* _EXERCISE_: All that is needed is the line containing "Although NC suffered" and the lines after it to the end of the material, written out exactly, pictures left aside.

* _DATA BELOW_:
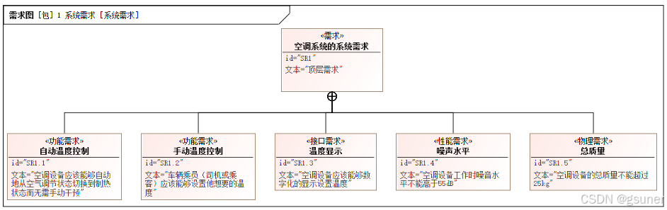 创建系统需求图,如图4.7所示。系统需求是系统实现方案的条目化说明。它是在经过详细的系统功能分析、逻辑架构分析基础上,总结出的更明确的设计要求。为了跟踪需求的实现过程,应该创建导出需求矩阵,建立系统需求到利益相关者需求的追溯关系。在理想情况下,每个系统需求都必须在后续的解决方案域模型中得到体现,并且每个元素都必须根据一个或多个系统需求来优化。否则,必须修订和更新系统需求。
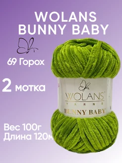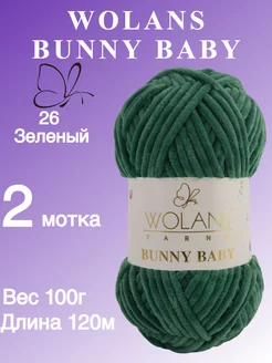 Плюшевая пряжа Bunny baby цвет 26 зеленый 2 мотка
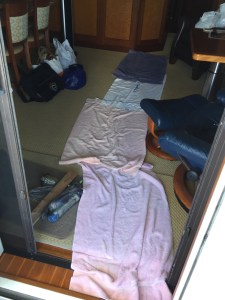 Although NC suffered some serious flooding from Hurricane Matthew, Shear Madness survived just fine. We headed back down to re-launch and move her back to Morehead City Yacht Basin. Aside from the expected dirt from being in a boat yard, there were no other issues.
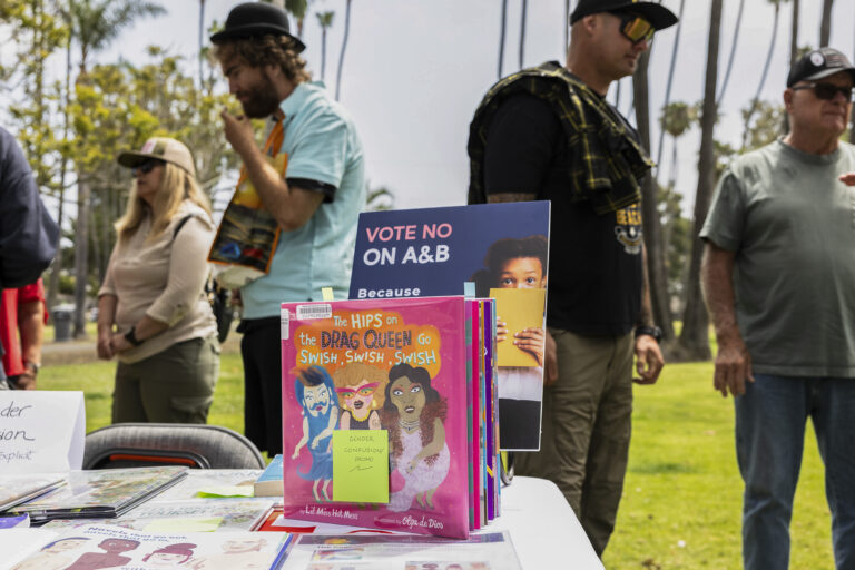 From Alexey KossefCalmness Opponents of A and B Display Book Book Measures They want to be removed from the library’s children’s section during an event at Lake Park at Huntington Beach on May 31, 2025. Photo from Mette Lampcov for…

* _ANSWER AREA_:
 Although NC suffered some serious flooding from Hurricane Matthew, Shear Madness survived just fine. We headed back down to re-launch and move her back to Morehead City Yacht Basin. Aside from the expected dirt from being in a boat yard, there were no other issues.
 From Alexey KossefCalmness Opponents of A and B Display Book Book Measures They want to be removed from the library’s children’s section during an event at Lake Park at Huntington Beach on May 31, 2025. Photo from Mette Lampcov for…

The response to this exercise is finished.